ChIP using antibodies specific for RNA Pol I revealed Pol I in association with the pre-rRNA transcription unit, including the gene promoter region (+1), the 5′ ETS, the 25S coding sequences, and 3′ ETS sequences that are located immediately adjacent to the 25S coding sequences (Fig. 6G). In each of these intervals, Pol I occupancy is increased nearly twofold in hda6 mutants relative to wild-type controls, consistent with the derepression of long rRNA gene variants, which account for approximately one-half of the total rRNA gene pool. Pol I was not detected at substantial levels in the IGS adjacent to the Sal repeats in either wild-type or hda6 mutant plants (Fig. 6G). At the Actin 2 gene, transcribed by Pol II, and at AtSN1 retrotransposons, thought to be transcribed by Pol III, ChIP signals were essentially undetectable using the anti-Pol I antibody.

ChIP performed using an antibody specific for Pol II revealed that, in wild-type plants, Pol II is not detected in association with rRNA genes at levels above background (Fig. 6, cf. H and B). However, in hda6 mutants, Pol II associates with the rRNA genes throughout the coding and noncoding regions (Fig. 6H). Pol II association with AtSN1 retrotransposons also increases in hda6 mutants, unlike the actin gene control.

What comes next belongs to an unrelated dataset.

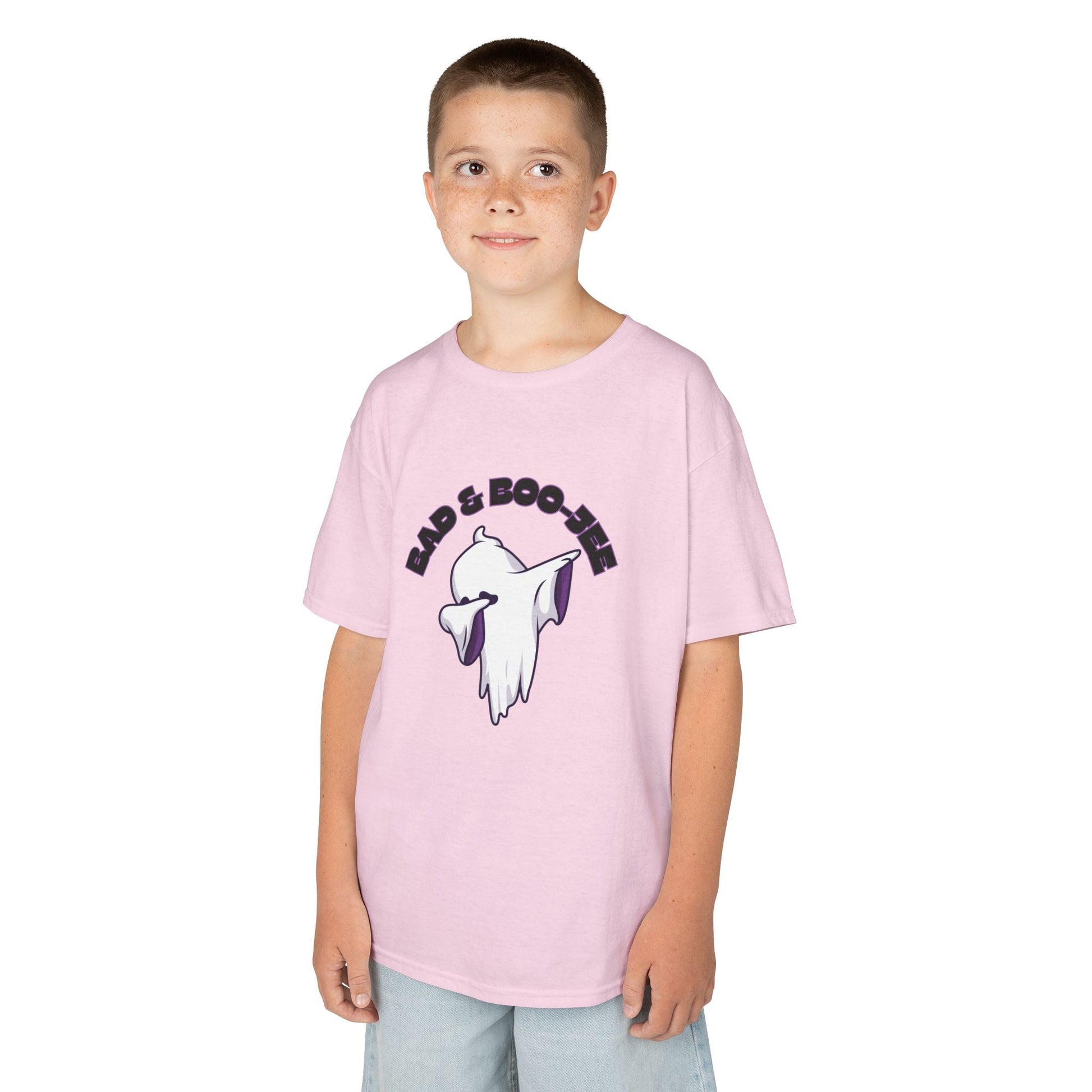 “Bad & Boo-jee” Funny Halloween Dance T-Shirt with Cute Ghost Dab Graphic - Kids Heavy Cotton™ Tee
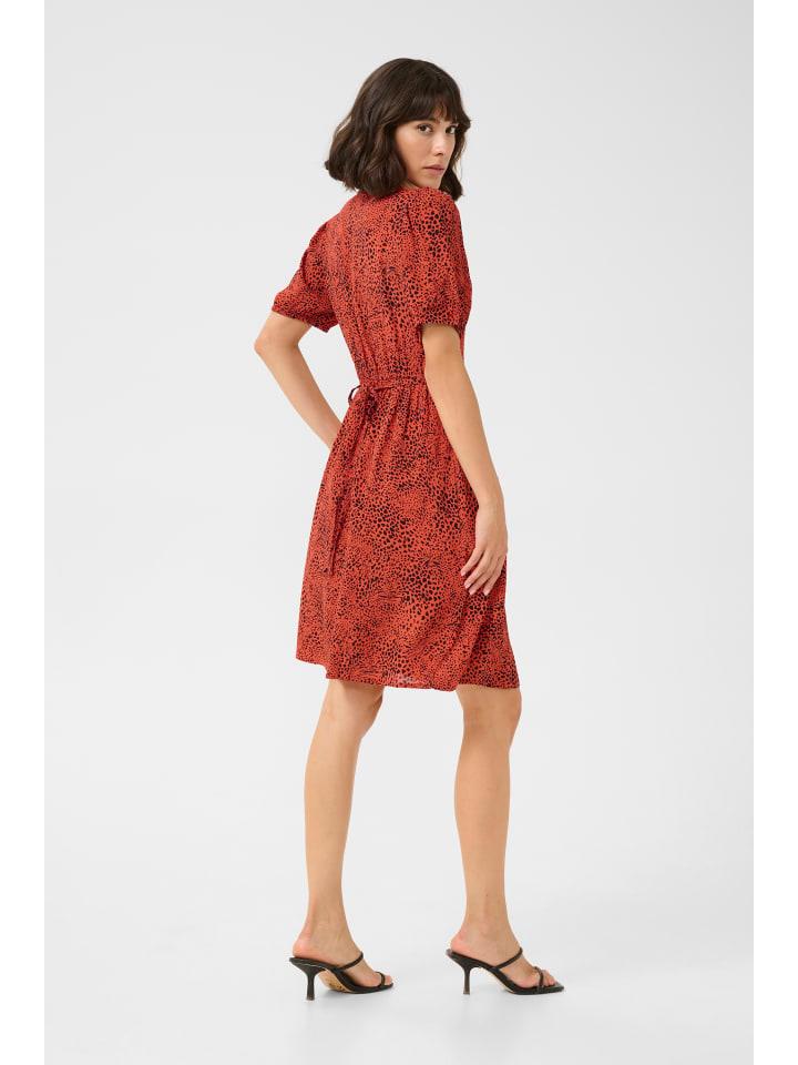 Короткое платье с V-образным вырезом, планкой на пуговицах и легким силуэтом. Короткие рукава с буфами, пояс и прямой подол до колена.

The ChIP data suggest that the high levels of IGS transcription occurring in hda6 mutants is attributable to the derepression of cryptic Pol II transcription units. This raised the possibility that Pol II, rather than Pol I, might be solely responsible for transcripts that include the indel defining the long and short rRNA gene variants. We tested this possibility using anti-Pol I and anti-Pol II antibodies for ChIP, followed by PCR amplification using amplicon 1 primers. In mature wild-type plants, Pol I is preferentially associated with the short variants (Fig. 6I), consistent with the preferential expression of this variant class (refer to Fig. 1). However, in hda6 mutants (axe1-5), Pol I is associated with both long and short variants, in proportion to their relative abundance (see input chromatin controls). Pol II association with rRNA genes also increases in hda6 mutants (Fig. 6I), indicating that Pol II transcription contributes to the synthesis of RNA in the region that defines the long and short variants. Taken together, the data of Figure 6, G and I, suggest that Pol I transcribes both long and short variants, beginning at the gene promoter and including the polymorphic indel region in the 3′ ETS. Superimposed onto this pattern of expression, spurious Pol II transcription occurs throughout the rRNA genes.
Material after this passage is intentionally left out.